Over the years The Economist has warmed to family businesses, or at least become less hostile to the business model then it was back in the 1980s and 1990s. This may be because the UK weekly magazine, which calls itself a newspaper, has woken up to the fact that far from declining, family capitalism is actually increasing its share of global economic activity. But it might also have something to do with the influential family businesses dynasties that own a hefty chunk of the newspaper – and they are poised to take an even bigger stake.
Earlier this year, the Economist ran a special report on family businesses. Although critical of the inherent problem of nepotism family businesses often face, the newspaper said they are flourishing and are likely to continue to do so. That’s a far cry from the approach the Economist took back in the eighties and nineties, when it favoured the classical economics view that family businesses would wane as rationalism took hold and capital markets would go on to conquer the world.
Of course, capital markets haven’t gone on to be all powerful. But also the Economist has over the years become increasingly controlled by some pretty powerful family business dynasties. They are the Schroders (owners of one of the UK’s biggest asset management groups), the Agnellis (owners of Fiat and family investment company Exor); the Rothschilds (the wing of the banking dynasty represented by Lynn Forester de Rothschild and Evelyn de Rothschild); and the Cadbury family. Another prominent member of the board is Eric Schmidt, the chairman of Google, whose family office Hillspire likes investing in businesses focused on the long term
These family groups own the more powerful ‘A’ shares at the Economist group, which gives them a greater number of board seats, whereas Pearson, the former owners of the Financial Times, owns ‘B’ shares in the media group. After the recent successful sale of the FT, there is growing speculation that Pearson wants to sell its 50% ownership of the Economist group.
Reports suggest these families are interested in taking a bigger stake in the Economist and even buying Pearson’s stake in the business. Exor confirmed last week that it was looking to increase its 4.7% stake in the group. And it’s understood that John Elkann, heir to the Italian Agnelli industrial fortune, might be leading a consortium of the existing family shareholders to take a controlling stake in the Economist.

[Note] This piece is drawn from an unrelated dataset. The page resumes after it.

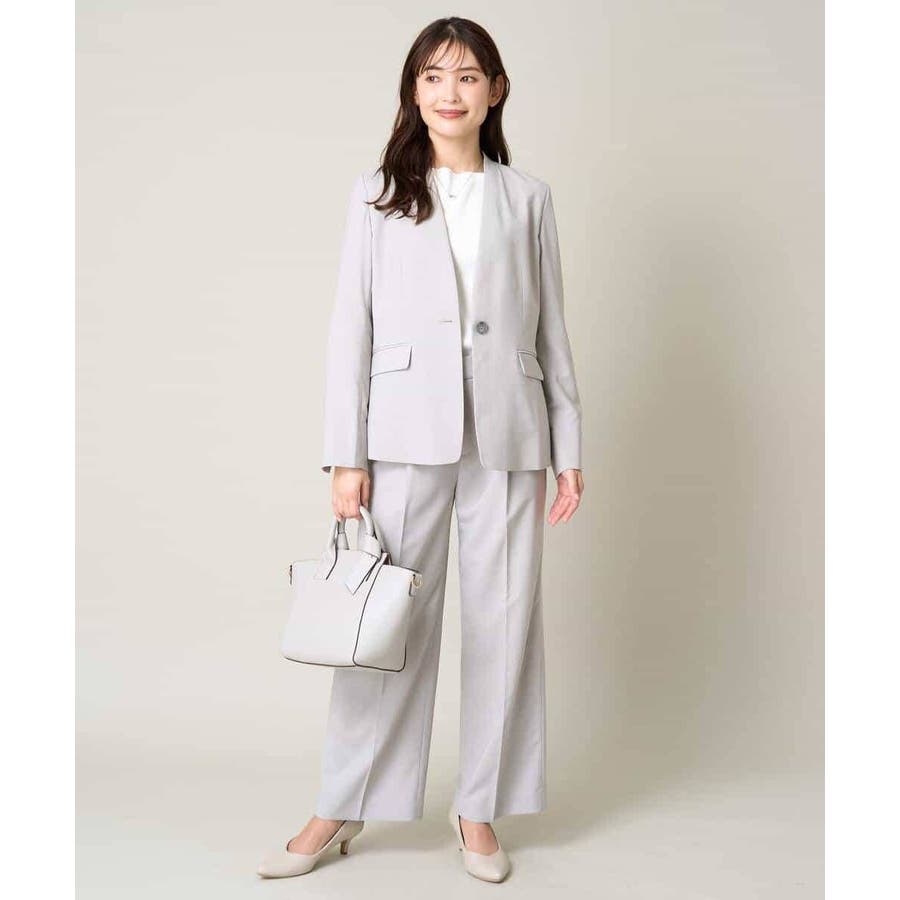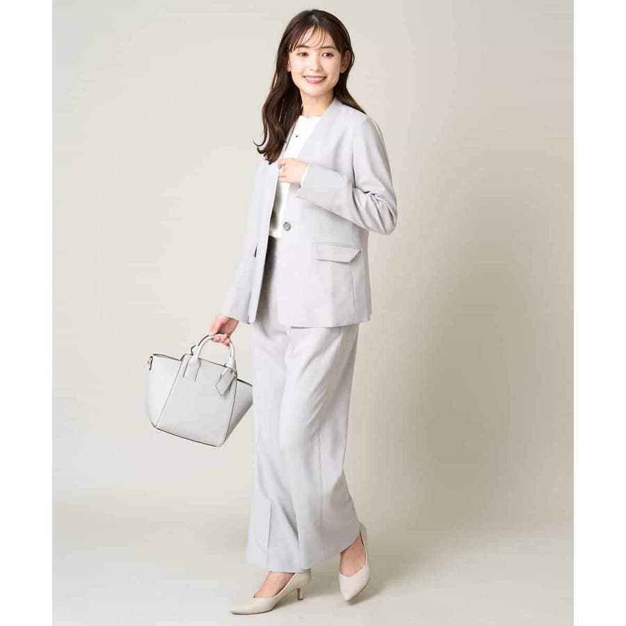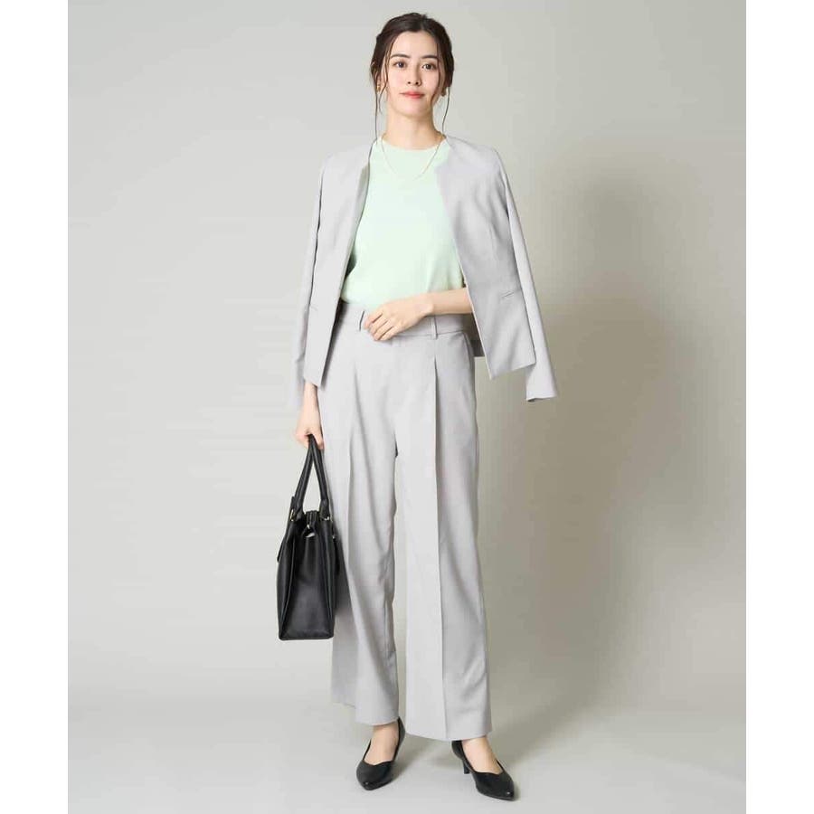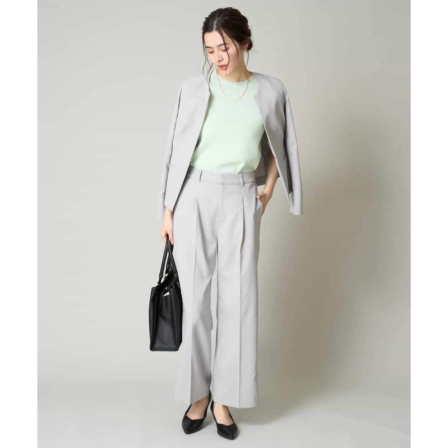 同素材ジャケットやブラウスとのセットアップ着用で

Could this mean that the Economist could be about to triumph the importance of stakeholder values in global capitalism, which is increasingly the mantra of two of its main shareholders, Elkann and Forester de Rothschild? Of course, journalistic independence is a guiding principle of the magazine and preserved by powerful trustee structure. Nevertheless, it will be interesting to see if the newspaper’s traditional advocacy of free market economics of the shareholder value variety continues to wane in the years ahead.